The medley was constructed of two songs from the musical Hair: "Aquarius", and "The Flesh Failures: Let the Sunshine In". The lyrics of "Aquarius" were based on the astrological belief that the world would soon be entering the "Age of Aquarius", an age of love, light, and humanity, moving out of the "Age of Pisces". The circumstances for the change are given as: "When the moon is in the seventh house, and Jupiter aligns with Mars." (Astrologer Neil Spencer denounced this line as "astrological gibberish", noting that Jupiter forms an astrological aspect with Mars several times a year and the Moon is in the 7th House for two hours every day.)

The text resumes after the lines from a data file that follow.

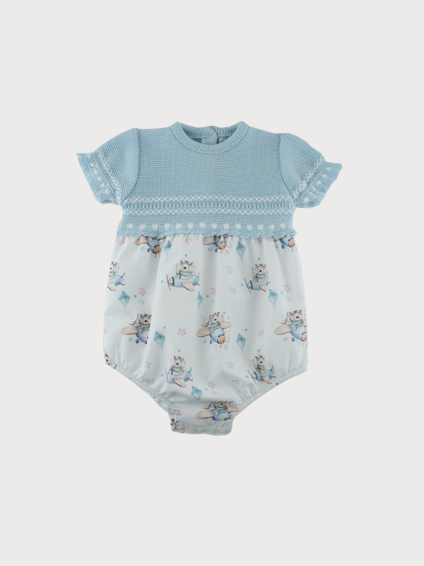 Pagliaccetto in maglia e cotone celeste e bianco con stampa orsetto aviatore
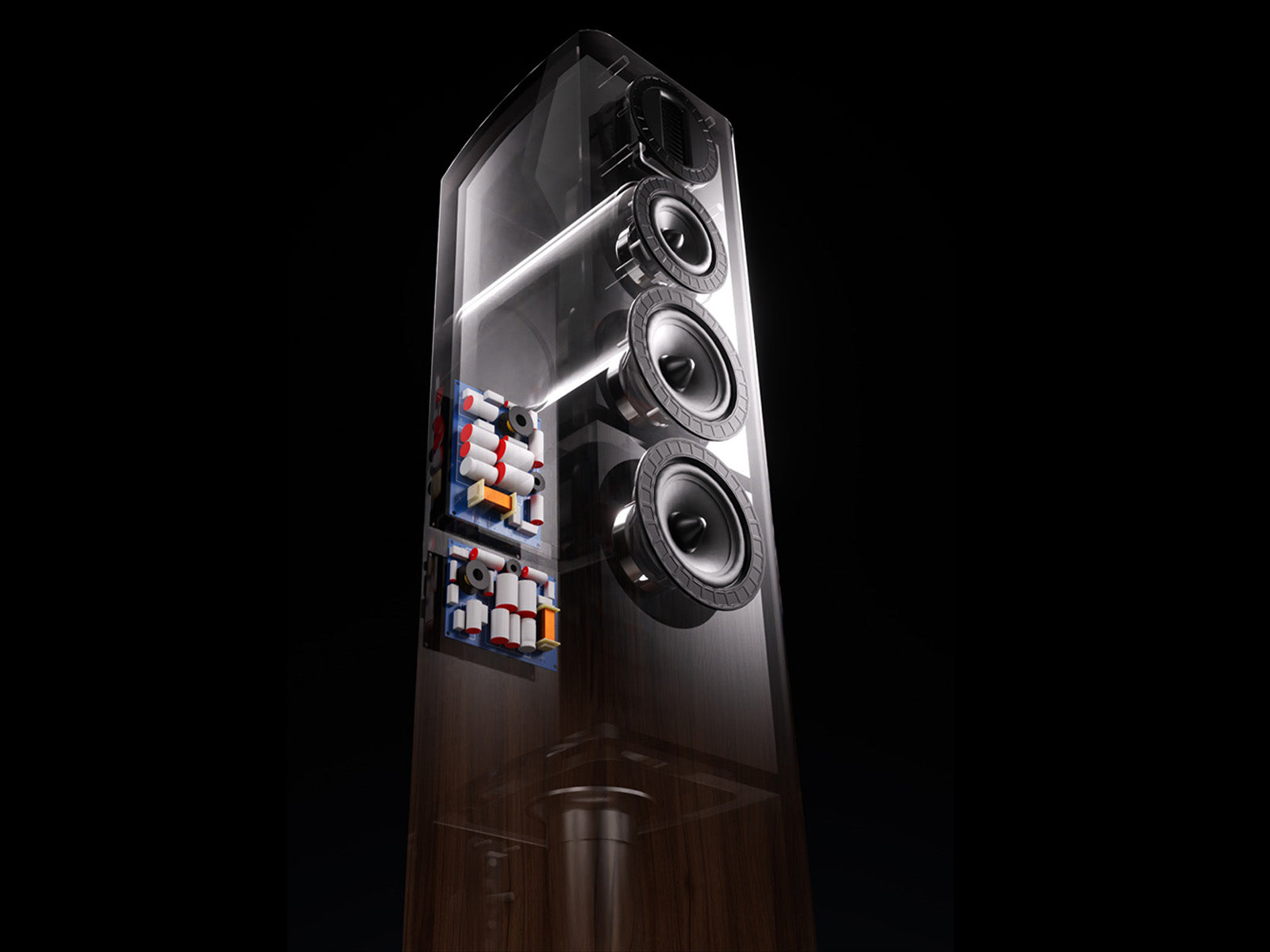 AURA cabinets are, in many ways, a work of art. Available in Black, White and a feature-grained Walnut natural wood veneer, each cabinet is then lacquered and polished to present a beautiful piece of furniture you will be proud to have in your home, akin to that of the significantly higher priced ELYSIAN series. The smooth curves of the cabinet are more than just eye-catching. They help to disperse the acoustic output of the drive units smoothly into the room without undesirable reflections from otherwise sharp edges.
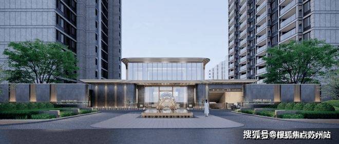 一面即为主入口景观面,作为花语天著归家第一站,主入口以高级灰和香槟金为底色,既体现主入口恢弘气势,又营造典雅的归家氛围。入口以两侧迎客松树阵、涌泉水景、景观雕塑,彰显尊崇序列感和归家仪式感。
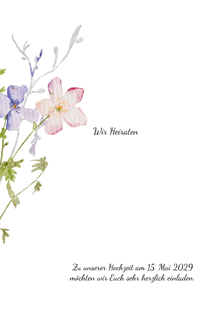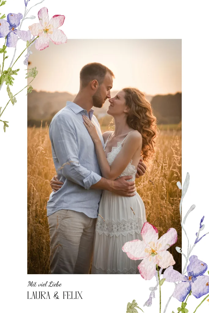 Eine romantische Einladungskarte mit Wildblumen, Platz für ein Foto und edler Silberfolie.
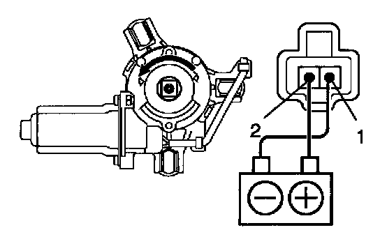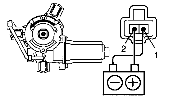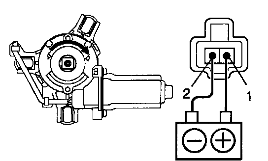a. Connect the positive (+) lead from the battery to terminal 1 and the negative (-) lead to terminal 2, and check that the motor turns clockwise.
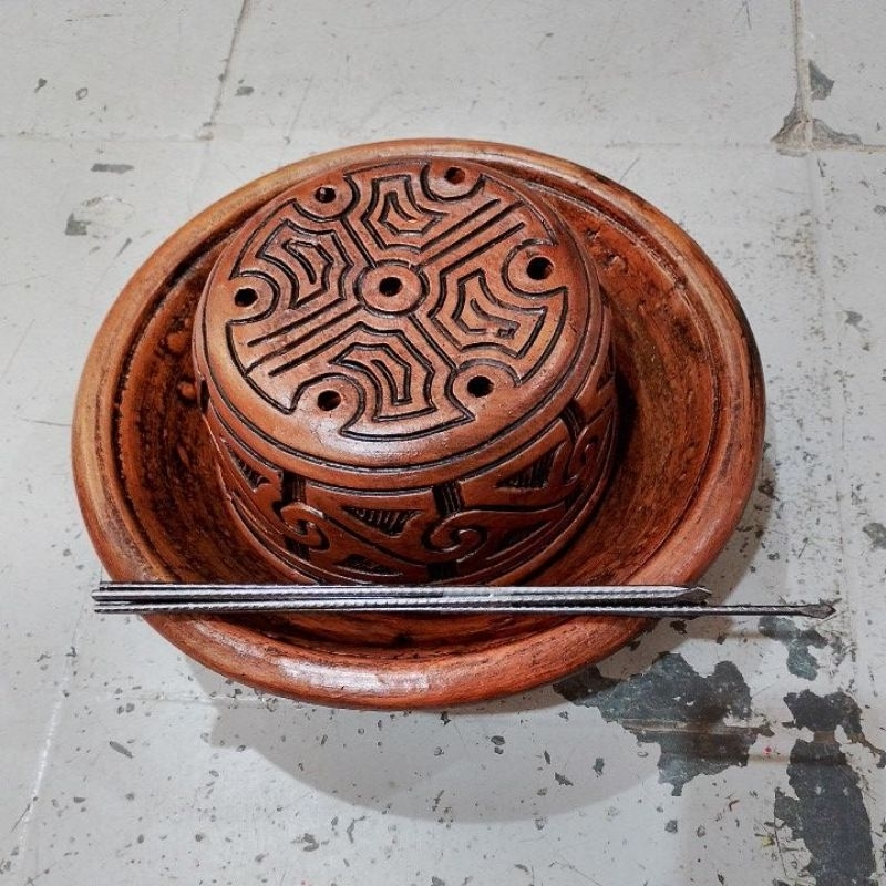 Cuscuzeira Cerâmica Barro Marajoara tamanho G Completa cor Betume
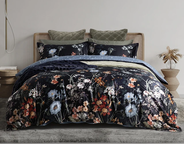 Sarita Duvet Cover, Cotton, Floral, Black,
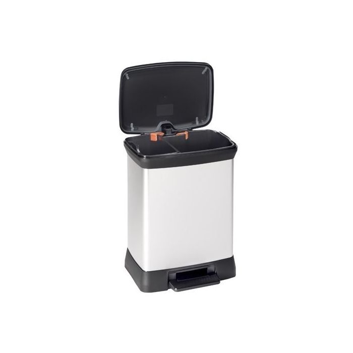 Wewnątrz posiada dwie oddzielne komory, dzięki czemu ułatwia segregację odpadów.
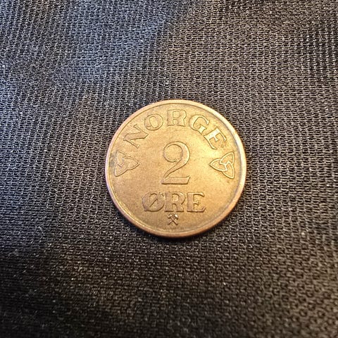 Danmark 2 kroner mynt med hull i midten. Forsiden har påskriften «2 KRONER DANMARK» med dekorativt mønster. Baksiden viser kronemotiv og våpenskjold. Egner seg for samlere av danske mynter eller som objekt for numismatisk interesse.

The 5th Dimension's lead singer Billy Davis Jr. left his wallet in a New York City cab; the man who found the wallet was involved in the production of Hair and invited the group to see the show. The group called their producer Bones Howe in California: "After they'd seen it I received a phone call in which they were all talking over one another, saying 'We've got to cut this song "Aquarius". It's the best thing ever.'"

Howe was skeptical ("This isn't a complete song. It's an introduction."), but after seeing the show on stage he got the idea to combine "Aquarius" with another musical moment from the show, the last few bars from the song "The Flesh Failures: Let the Sunshine In" that consist of the repeated words "let the sunshine in". Although the two song fragments are in different keys and tempos, Howe resolved to "jam them together like two trains".

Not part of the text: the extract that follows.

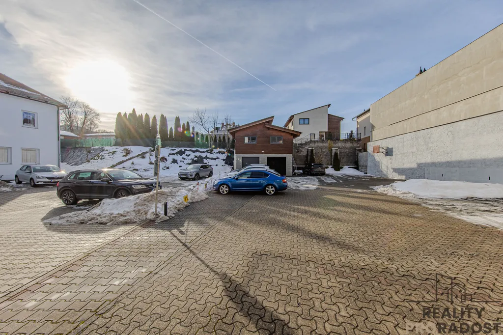 Velkým bonusem je rozsáhlé parkování na vlastním pozemku za domem. K dispozici je parkoviště se závorou, kde jsou pronajata parkovací stání, dále dvojgaráž a zahradní domek umístěný nad garáží, přičemž zastavěná plocha garáže činí 43 m². Celý pozemek je vydlážděn zámkovou dlažbou a jeho celková výměra činí 798 m².
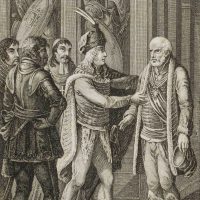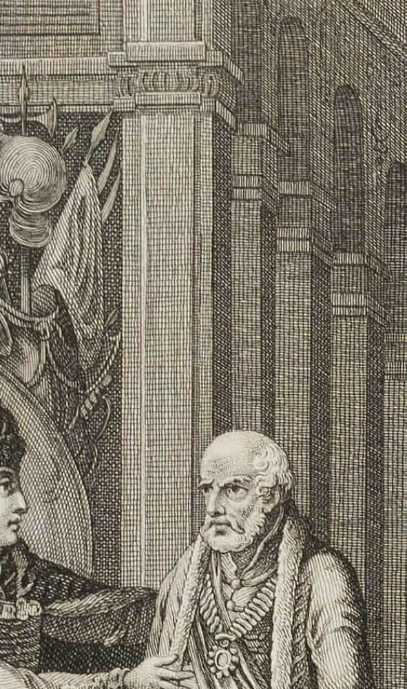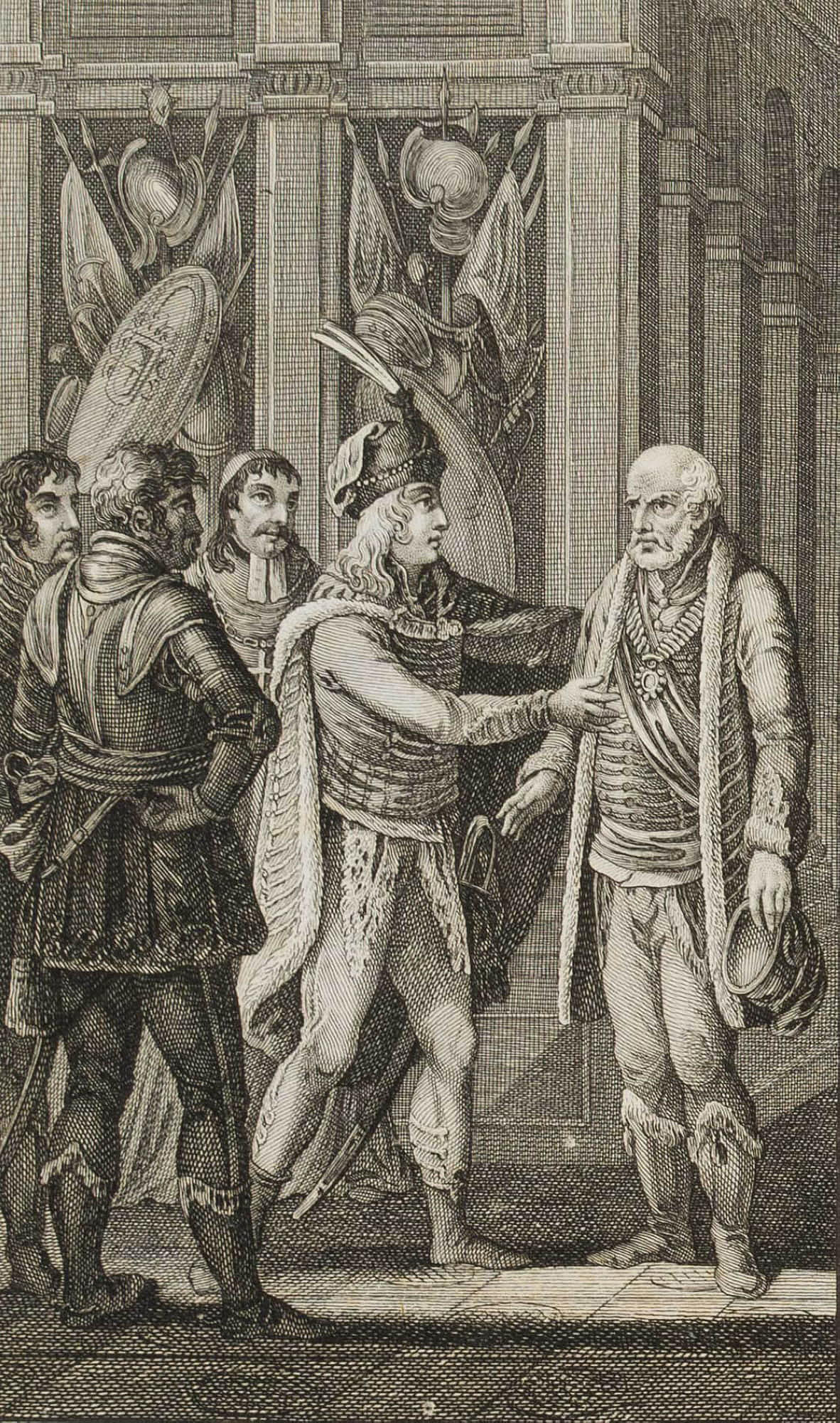 - Description: Several knights stand together in a representative hall. The youngest, wearing a cloak and a special headdress, respectfully welcomes an old man draped in medals.

Returning to California, Howe supervised the first recording session. The instrumental track was set to tape at Wally Heider's Studio 3 in Hollywood by Wrecking Crew members Hal Blaine on drums, Joe Osborn on bass, Larry Knechtel on keyboards, Tommy Tedesco and Dennis Budimir on guitars and Tony Terran on trumpet. It also featured strings, winds, and brass instrumentations. The vocals were recorded later in Las Vegas, where the 5th Dimension was performing at the time, using only two microphones for the five singers. Davis's solo during "Let the Sunshine In" was improvised during the session; songwriter Jimmy Webb, who happened into the studio during the solo's recording, remarked to Howe: "My God, that's a number one record."

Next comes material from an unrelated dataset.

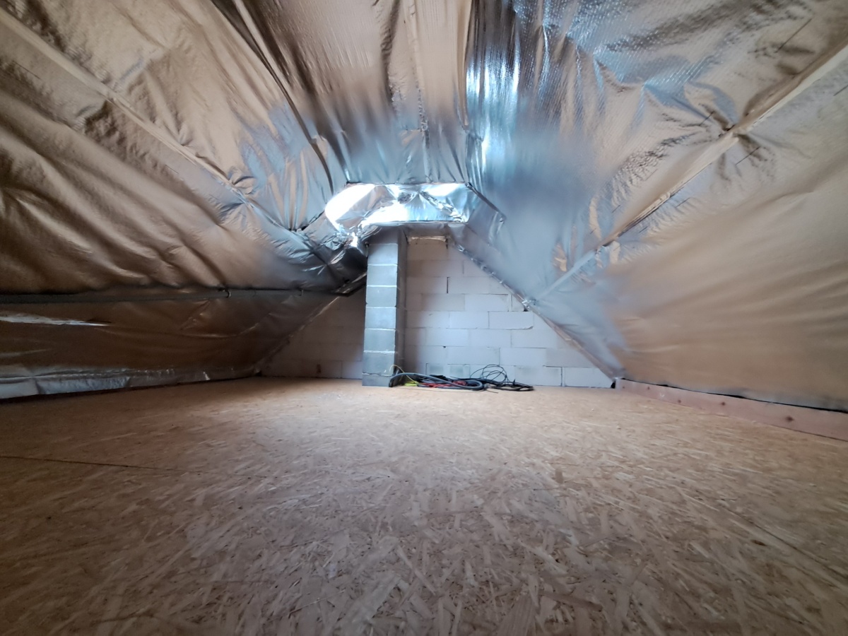 Poddasze ocieplone jest 25 cm wełną + dodatkowo ocieplone wełną zostały kalenice (grubość wełny 15cm).

This song was one of the most popular songs of 1969 worldwide, and in the United States it reached the number one position on both the Billboard Hot 100 (for six weeks in April and May) and the Billboard Easy Listening chart. It also reached the top of the sales charts in Canada and elsewhere. Billboard ranked it as the No. 2 Hot 100 single for 1969, although "Aquarius (Let the Sunshine In)" would go on to outsell the Number 1 Hot 100 single for 1969, "Sugar, Sugar" by the Archies, and consistently ranks several positions above it in the all-time chart.

The recording won both the Grammy Award for Record of the Year and Best Pop Vocal Performance by a Group for the Grammy Awards of 1970, after its release as a track on the group's album The Age of Aquarius, and as a 7-inch single. The popularity of the song prompted the Apollo 13 crew to name their Apollo Lunar Module Aquarius, in part to send a message that astronauts were also "hip". In 2004, the song was inducted into the Grammy Hall of Fame.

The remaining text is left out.